RECORDED INFORMATION:
*** Begin section ***

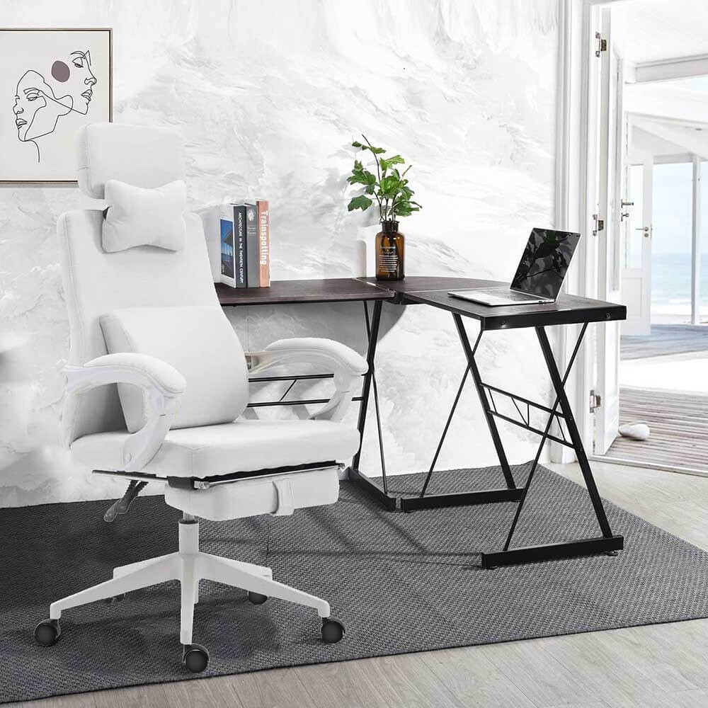 Ergonomski pisarniški vrtljiv stol z naslonjalom za glavo je popolna izbira za vsakogar, ki dolge ure dela za mizo. Njegovo nastavljivo naslonjalo za glavo, nagibno naslonjalo in zložljivo naslonjalo za noge zagotavljajo maksimalno udobje, medtem ko njegova trdna struktura in robustna osnova omogočata dolgotrajno uporabo.
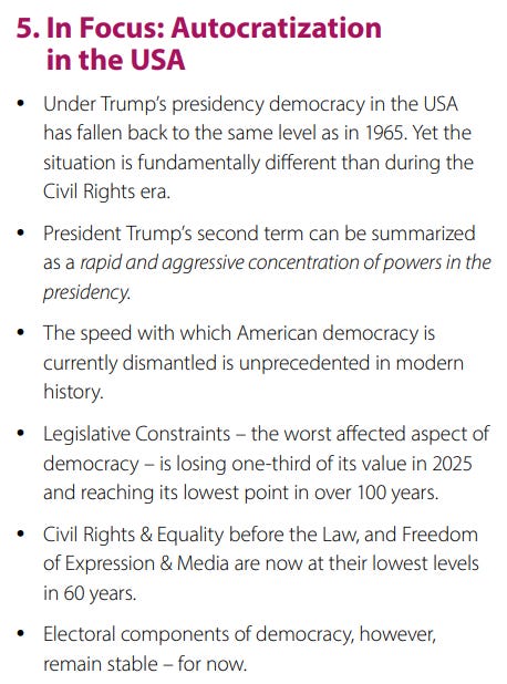 Democratic Backsliding Reaches Western Democracies, with U.S. Decline “Unprecedented” V-Dem Institute at the University of Gothenburg Democratic backsliding is now happening in well-established democracies. Democracy in the USA is deteriorating at unprecedented speed, and media and journalists are increasingly targeted across the world. This, and more, is reported in the latest Democracy Report from the V-Dem Institute at the University of Gothenburg.
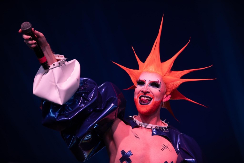 One of the acts I was most surprised to see was none other than the Ru Paul’s drag race season four contestant Copper Top. While this queen being on the line-up itself was not particularly a big surprise, what the queen decided to present to the audience was almost the polar opposite of what I expected from her time on the show. I vividly remember Copper going on the show talking about how she is an experienced pantomime performer and so I was expecting camp comedy but it was much more in the vein of pop punk. She came on with an intense ginger spiked wig and spikes all over her body which didn’t fit the family-friendly dame idea I had in my head! As she went home fairly early on her time on the show, I did not know that Copper was such a talented performer/vocalist with her performances of Confidence and Believer being a particular highlight! I was also very excited to see that Alfie Ordinary would be gracing the cabaret legends stage as this is someone who I had heard lots about but have never actually seen live. They graced the stage in a gorgeous red sparkly, devil-infused outfits as they delivered a wonderfully eccentric performance which the audience appeared to love! With a set list comprising of Hey Baby by DJ Ötzi, we are the Champions by Queen and Sweet Caroline (which I often associate with non-queer venues but the pride audience were loudly getting involved.) The energetic performer had everyone singing and dancing alone which really helped to get people ready for the headline acts later in the night!
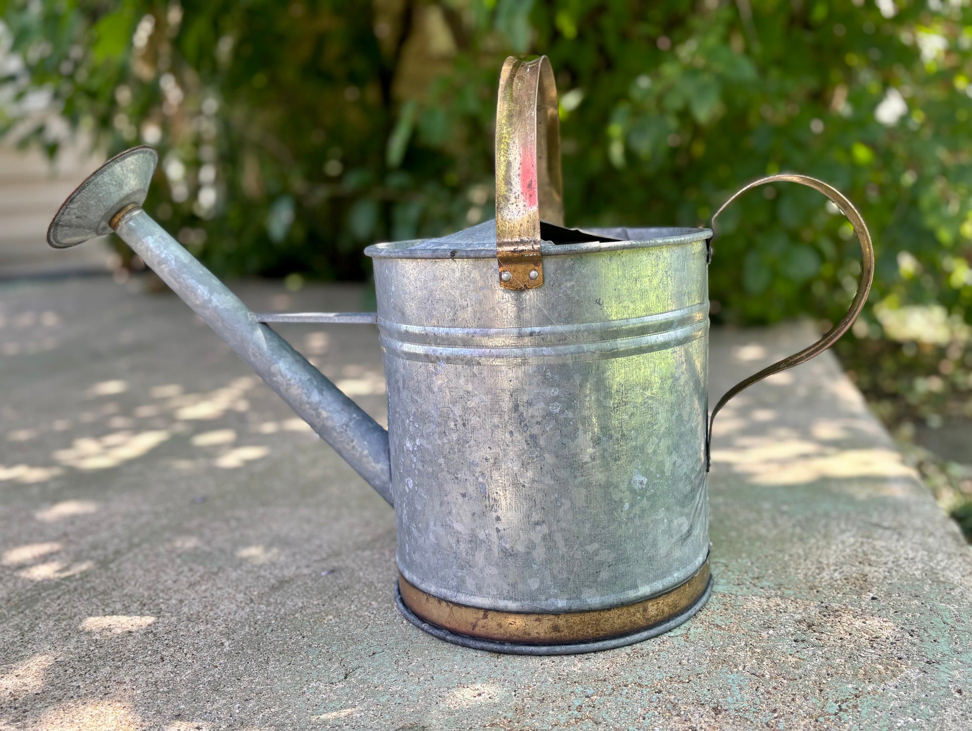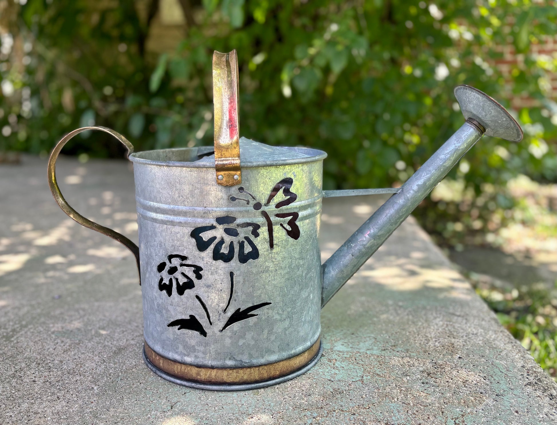 Antique watering can, handcrafted with a flower and butterfly design. This watering can has lovely metal accents at the handles, base, and spout.

*** End section ***

WORK TASK: Only the lines from the top of the material above down to the line bearing "Democratic Backsliding Reaches", that line included, should be set down exactly; no pictures.

FINAL ANSWER:
 Ergonomski pisarniški vrtljiv stol z naslonjalom za glavo je popolna izbira za vsakogar, ki dolge ure dela za mizo. Njegovo nastavljivo naslonjalo za glavo, nagibno naslonjalo in zložljivo naslonjalo za noge zagotavljajo maksimalno udobje, medtem ko njegova trdna struktura in robustna osnova omogočata dolgotrajno uporabo.
 Democratic Backsliding Reaches Western Democracies, with U.S. Decline “Unprecedented” V-Dem Institute at the University of Gothenburg Democratic backsliding is now happening in well-established democracies. Democracy in the USA is deteriorating at unprecedented speed, and media and journalists are increasingly targeted across the world. This, and more, is reported in the latest Democracy Report from the V-Dem Institute at the University of Gothenburg.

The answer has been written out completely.